## [ACTIVITY]
Make an exact copy of the records, with the pictures left out.

## [SUPPLIED DATA]

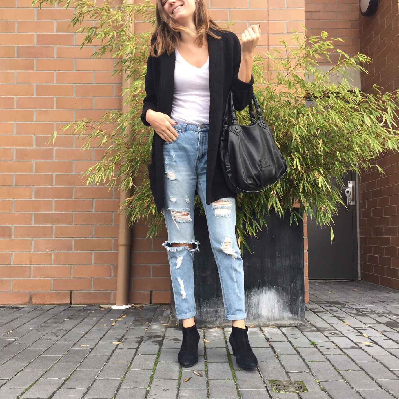 Nothing is more simple than a white tee and jeans, but I particularly love this loose boyfriend fit pair since they are one of the most comfortable I own. Ripped denim doesn’t seem to be going anywhere and neither is this looser shape.
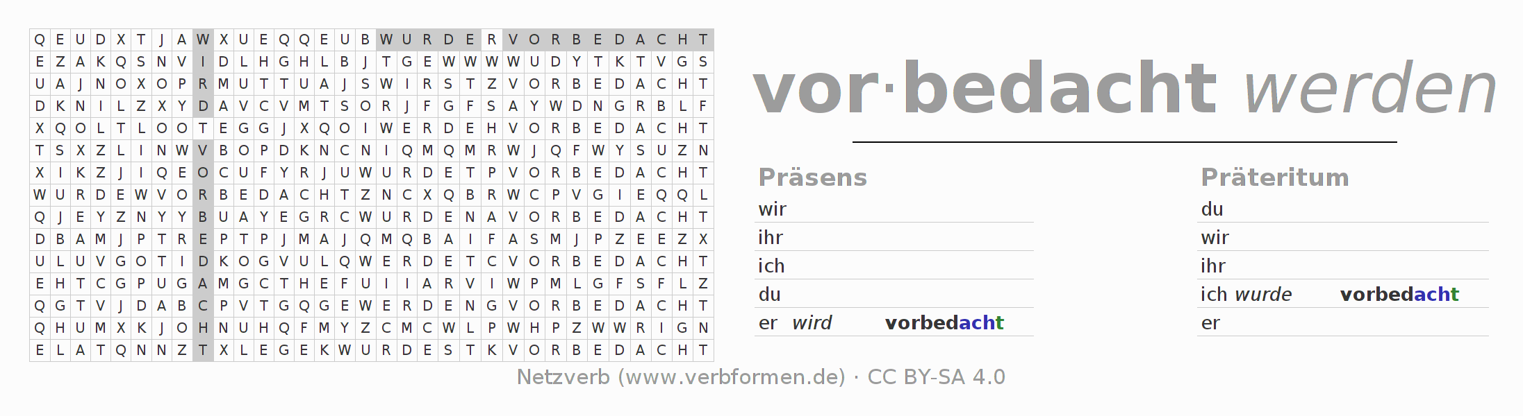 Lösung des Suchsels für die Verbkonjugation von vorbedenken
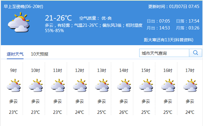 (二)春節(jié)期間(1月24-30日):我市天氣總體平穩(wěn),強(qiáng)冷空氣影響可能性小。氣溫略偏高,平均氣溫19-20 ℃,較近5年平均氣溫(19.1 ℃)略偏高,最低氣溫13-15 ℃,期間可能有2-3天雨霧天氣。
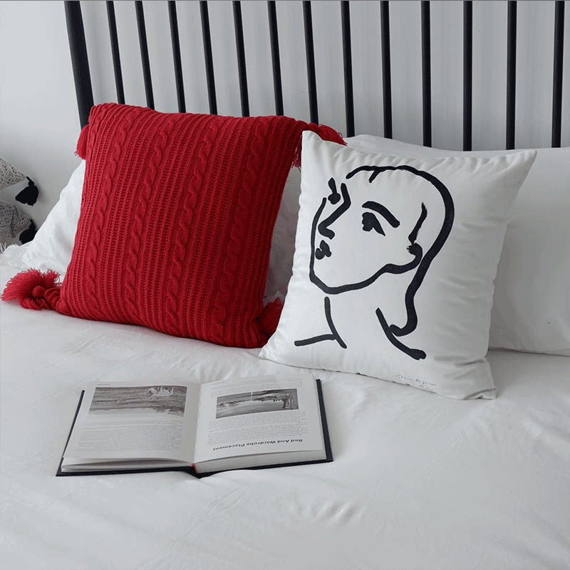 Wild behemoth style Pillow Mattis Morocco leaning on the bag black and white leaning against the pillow red cushions sofa backrest
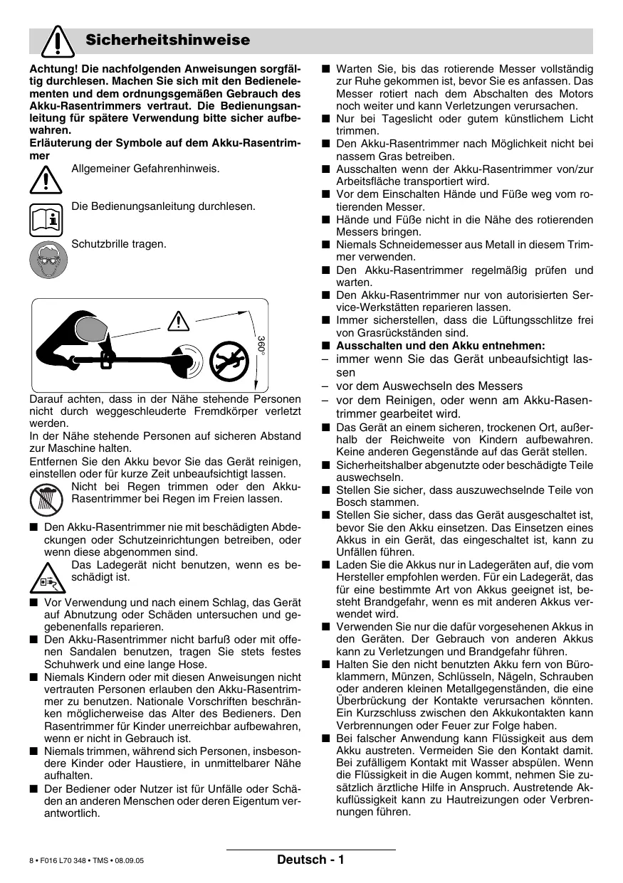 Darauf achten, dass in der Nähe stehende Personen nicht durch weggeschleuderte Fremdkörper verletzt werden. In der Nähe stehende Personen auf sicheren Abstand zur Maschine halten. Entfernen Sie den Akku bevor Sie das Gerät reinigen, einstellen oder für kurze Zeit unbeaufsichtigt lassen. Nicht bei Regen trimmen oder den AkkuRasentrimmer bei Regen im Freien lassen. ■ Den Akku-Rasentrimmer nie mit beschädigten Abdeckungen oder Schutzeinrichtungen betreiben, oder wenn diese abgenommen sind. Das Ladegerät nicht benutzen, wenn es beschädigt ist. ■ Vor Verwendung und nach einem Schlag, das Gerät auf Abnutzung oder Schäden untersuchen und gegebenenfalls reparieren. ■ Den Akku-Rasentrimmer nicht barfuß oder mit offenen Sandalen benutzen, tragen Sie stets festes Schuhwerk und eine lange Hose. ■ Niemals Kindern oder mit diesen Anweisungen nicht vertrauten Personen erlauben den Akku-Rasentrimmer zu benutzen. Nationale Vorschriften beschränken möglicherweise das Alter des Bedieners. Den Rasentrimmer für Kinder unerreichbar aufbewahren, wenn er nicht in Gebrauch ist. ■ Niemals trimmen, während sich Personen, insbesondere Kinder oder Haustiere, in unmittelbarer Nähe aufhalten. ■ Der Bediener oder Nutzer ist für Unfälle oder Schäden an anderen Menschen oder deren Eigentum verantwortlich.
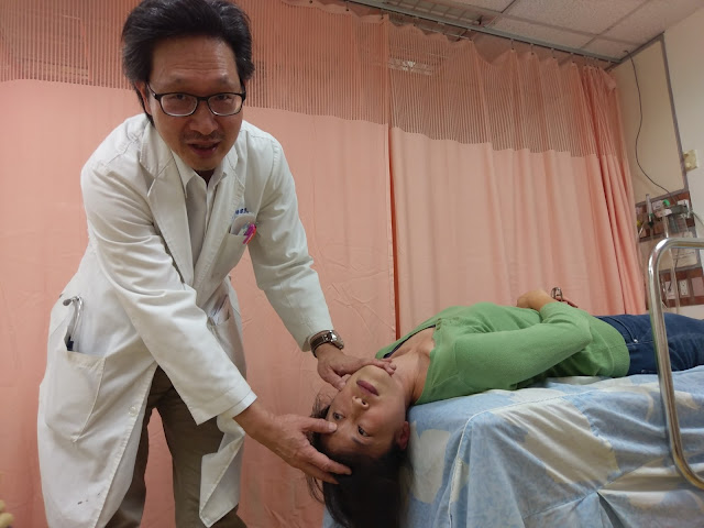 每一側的耳朶各有前、後及平行三個半規管,至於是哪個半規管出問題?可以藉一些臨床的誘發試驗來確定,像是一些基本平衡測試,請她坐到床上,誘發試驗讓她頭轉右側再瞬間後躺時看到強烈的眼振,確定她是右側後半規管中的耳石症。
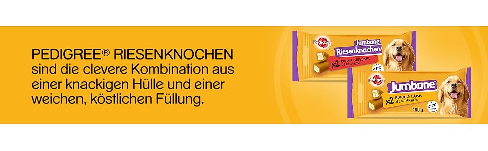 - Pedigree Giant bone dog treats are the perfect dog snack - a long-lasting pleasure. The firm exterior and the deliciously soft filling of the chewing bone really encourage chewing.
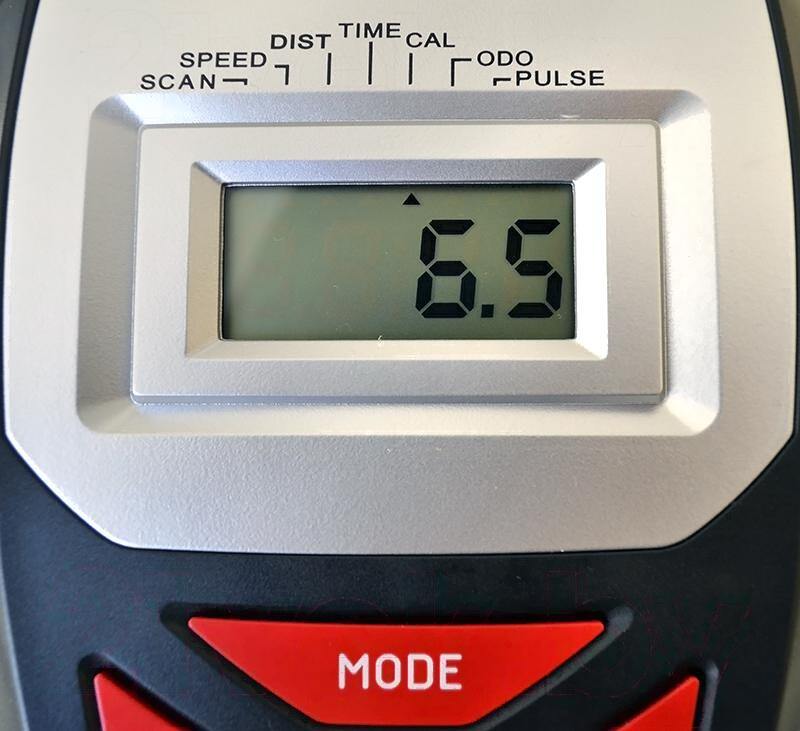 Индикацияпульс, прошедшее время, пройденное расстояние, сожжено калорий, текущая скорость, сканирующий режим (показывает время-скорость-дистанция-калории-пробег-пульс), уровень нагрузки (виден на регуляторе нагрузки), одометр (отображает общее расстояние за все тренировки)
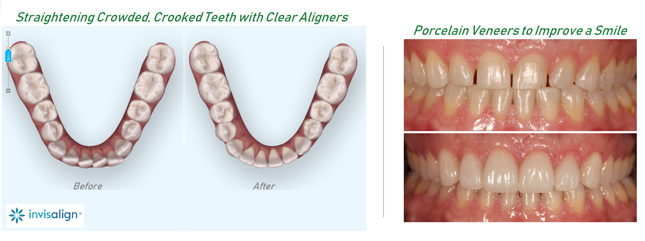 There is some reason you clicked on this page. You might be wondering how we can improve the appearance of one front tooth, revamp several front teeth with porcelain or bonded veneers, or completely reconstruct a dozen or more teeth with crowns or an all-on-four implant-supported prosthesis. Or perhaps you are missing some teeth, and looking for replacement options like bridges or implants. Or, maybe you love your teeth, but you didn't wear your retainer after you had braces as a teenager (don't worry, we understand... we've been there too!) and you want to have them straightened again.
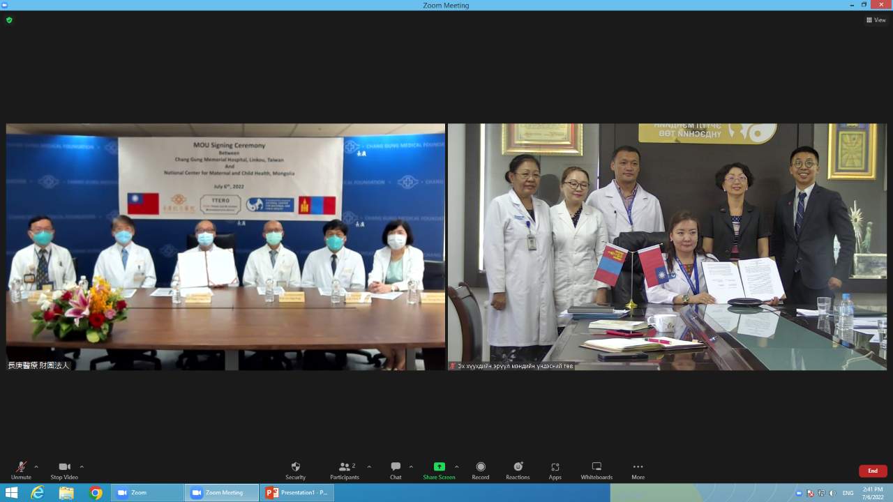 Монгол Улсын Эх хүүхдийн эрүүл мэндийн үндэсний төв болон Тайваний Линкоу Чан Гэн эмнэлэг 2022 оны 7-р сарын 6-ны өдөр алсын зайнаас цахим хэлбэрээр хамтран ажиллах санамж бичигт гарын үсэг зурлаа. Энэ нь цар тахал дэгдсэний дараах Тайваниас Монгол Улсад суугаа төлөөлөгчийн газрын дэмжлэгтэйгээр Линкоу Чан Гэн эмнэлэг байгуулж буй анхны хамтын ажиллагааны санамж бичиг болж байгаа тул ихээхэн ач холбогдолтой юм.
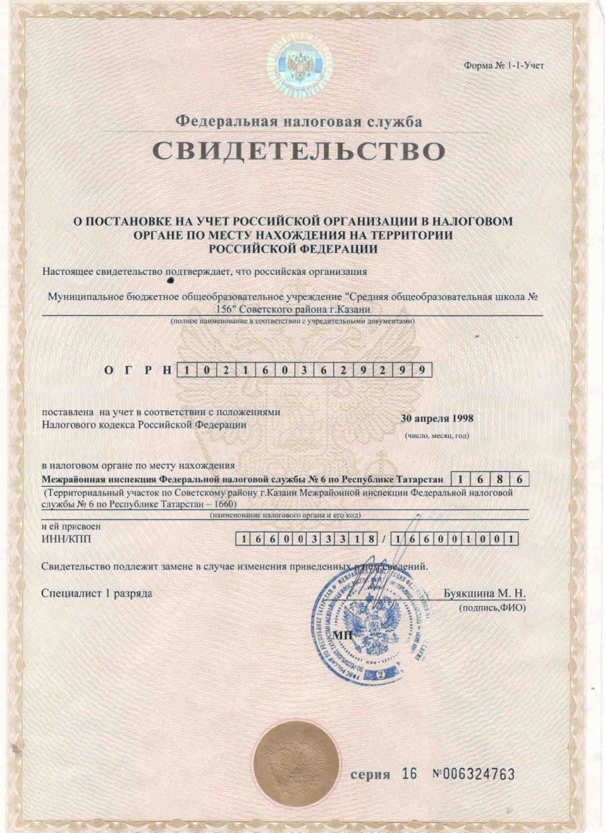 Муниципальное бюджетное общеобразовательное учреждение «Средняя общеобразовательная школа №156» Советского района г. Казани
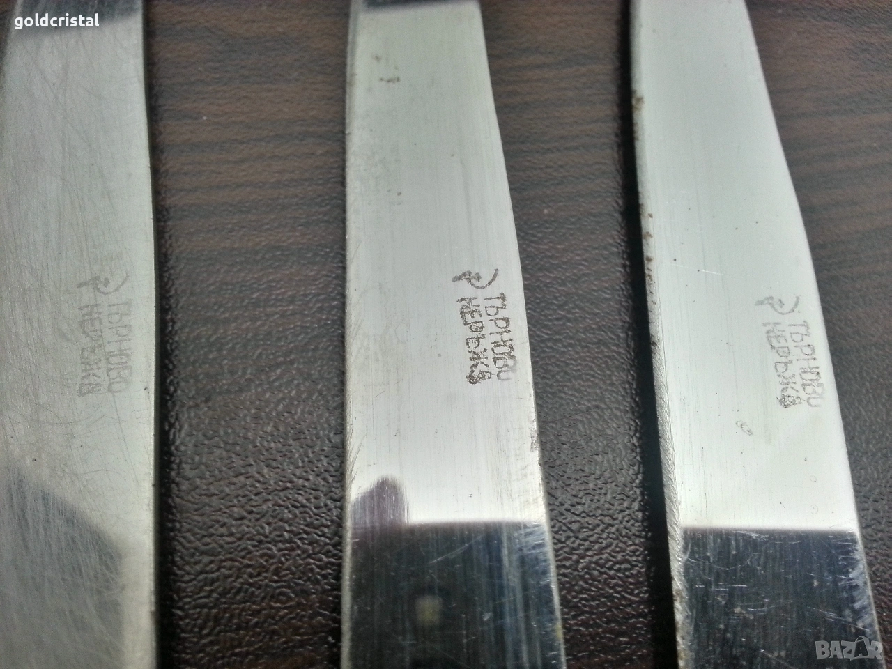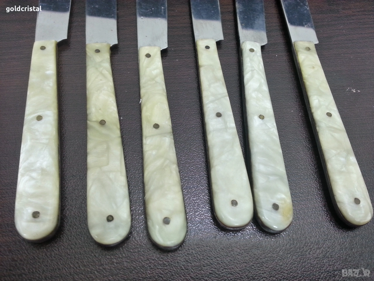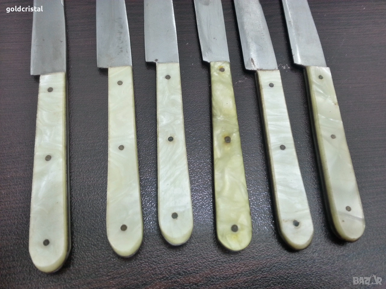 стари български ножове ножчета Велико Търново сърп и чук Петко Денев 6 бр с дръжка чирени от каталин сервиз комплект сет лот ретро арт декор винтидж колекция старинни антикварни предмети обзавеждане за дома и семейството подходящи за подарък за ценители и колекционери
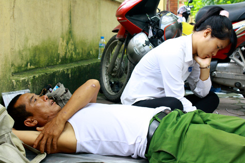 | Cả buổi trưa, ông Nguyễn Xuân Lữ (48 tuổi) để con gái gối lên đùi, vừa quạt vừa vuốt tóc cho con ngủ. Nhà ở Thái Bình nhưng ông lại công tác trên Hà Nội, ít có thời gian ở nhà với con cái. Tuy vậy, mỗi lần về cô con gái đã 18 tuổi này vẫn đòi ngủ cùng bố. |
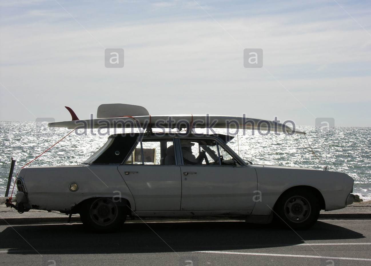 old-convertible-car-with-surfboard-on-roof-driving-on-esplanade-A5HM6E

## [FINISHED EXERCISE]
 Nothing is more simple than a white tee and jeans, but I particularly love this loose boyfriend fit pair since they are one of the most comfortable I own. Ripped denim doesn’t seem to be going anywhere and neither is this looser shape.
 Lösung des Suchsels für die Verbkonjugation von vorbedenken
 (二)春節(jié)期間(1月24-30日):我市天氣總體平穩(wěn),強(qiáng)冷空氣影響可能性小。氣溫略偏高,平均氣溫19-20 ℃,較近5年平均氣溫(19.1 ℃)略偏高,最低氣溫13-15 ℃,期間可能有2-3天雨霧天氣。
 Wild behemoth style Pillow Mattis Morocco leaning on the bag black and white leaning against the pillow red cushions sofa backrest
 Darauf achten, dass in der Nähe stehende Personen nicht durch weggeschleuderte Fremdkörper verletzt werden. In der Nähe stehende Personen auf sicheren Abstand zur Maschine halten. Entfernen Sie den Akku bevor Sie das Gerät reinigen, einstellen oder für kurze Zeit unbeaufsichtigt lassen. Nicht bei Regen trimmen oder den AkkuRasentrimmer bei Regen im Freien lassen. ■ Den Akku-Rasentrimmer nie mit beschädigten Abdeckungen oder Schutzeinrichtungen betreiben, oder wenn diese abgenommen sind. Das Ladegerät nicht benutzen, wenn es beschädigt ist. ■ Vor Verwendung und nach einem Schlag, das Gerät auf Abnutzung oder Schäden untersuchen und gegebenenfalls reparieren. ■ Den Akku-Rasentrimmer nicht barfuß oder mit offenen Sandalen benutzen, tragen Sie stets festes Schuhwerk und eine lange Hose. ■ Niemals Kindern oder mit diesen Anweisungen nicht vertrauten Personen erlauben den Akku-Rasentrimmer zu benutzen. Nationale Vorschriften beschränken möglicherweise das Alter des Bedieners. Den Rasentrimmer für Kinder unerreichbar aufbewahren, wenn er nicht in Gebrauch ist. ■ Niemals trimmen, während sich Personen, insbesondere Kinder oder Haustiere, in unmittelbarer Nähe aufhalten. ■ Der Bediener oder Nutzer ist für Unfälle oder Schäden an anderen Menschen oder deren Eigentum verantwortlich.
 每一側的耳朶各有前、後及平行三個半規管,至於是哪個半規管出問題?可以藉一些臨床的誘發試驗來確定,像是一些基本平衡測試,請她坐到床上,誘發試驗讓她頭轉右側再瞬間後躺時看到強烈的眼振,確定她是右側後半規管中的耳石症。
 - Pedigree Giant bone dog treats are the perfect dog snack - a long-lasting pleasure. The firm exterior and the deliciously soft filling of the chewing bone really encourage chewing.
 Индикацияпульс, прошедшее время, пройденное расстояние, сожжено калорий, текущая скорость, сканирующий режим (показывает время-скорость-дистанция-калории-пробег-пульс), уровень нагрузки (виден на регуляторе нагрузки), одометр (отображает общее расстояние за все тренировки)
 There is some reason you clicked on this page. You might be wondering how we can improve the appearance of one front tooth, revamp several front teeth with porcelain or bonded veneers, or completely reconstruct a dozen or more teeth with crowns or an all-on-four implant-supported prosthesis. Or perhaps you are missing some teeth, and looking for replacement options like bridges or implants. Or, maybe you love your teeth, but you didn't wear your retainer after you had braces as a teenager (don't worry, we understand... we've been there too!) and you want to have them straightened again.
 Монгол Улсын Эх хүүхдийн эрүүл мэндийн үндэсний төв болон Тайваний Линкоу Чан Гэн эмнэлэг 2022 оны 7-р сарын 6-ны өдөр алсын зайнаас цахим хэлбэрээр хамтран ажиллах санамж бичигт гарын үсэг зурлаа. Энэ нь цар тахал дэгдсэний дараах Тайваниас Монгол Улсад суугаа төлөөлөгчийн газрын дэмжлэгтэйгээр Линкоу Чан Гэн эмнэлэг байгуулж буй анхны хамтын ажиллагааны санамж бичиг болж байгаа тул ихээхэн ач холбогдолтой юм.
 Муниципальное бюджетное общеобразовательное учреждение «Средняя общеобразовательная школа №156» Советского района г. Казани
 стари български ножове ножчета Велико Търново сърп и чук Петко Денев 6 бр с дръжка чирени от каталин сервиз комплект сет лот ретро арт декор винтидж колекция старинни антикварни предмети обзавеждане за дома и семейството подходящи за подарък за ценители и колекционери
 | Cả buổi trưa, ông Nguyễn Xuân Lữ (48 tuổi) để con gái gối lên đùi, vừa quạt vừa vuốt tóc cho con ngủ. Nhà ở Thái Bình nhưng ông lại công tác trên Hà Nội, ít có thời gian ở nhà với con cái. Tuy vậy, mỗi lần về cô con gái đã 18 tuổi này vẫn đòi ngủ cùng bố. |
 old-convertible-car-with-surfboard-on-roof-driving-on-esplanade-A5HM6E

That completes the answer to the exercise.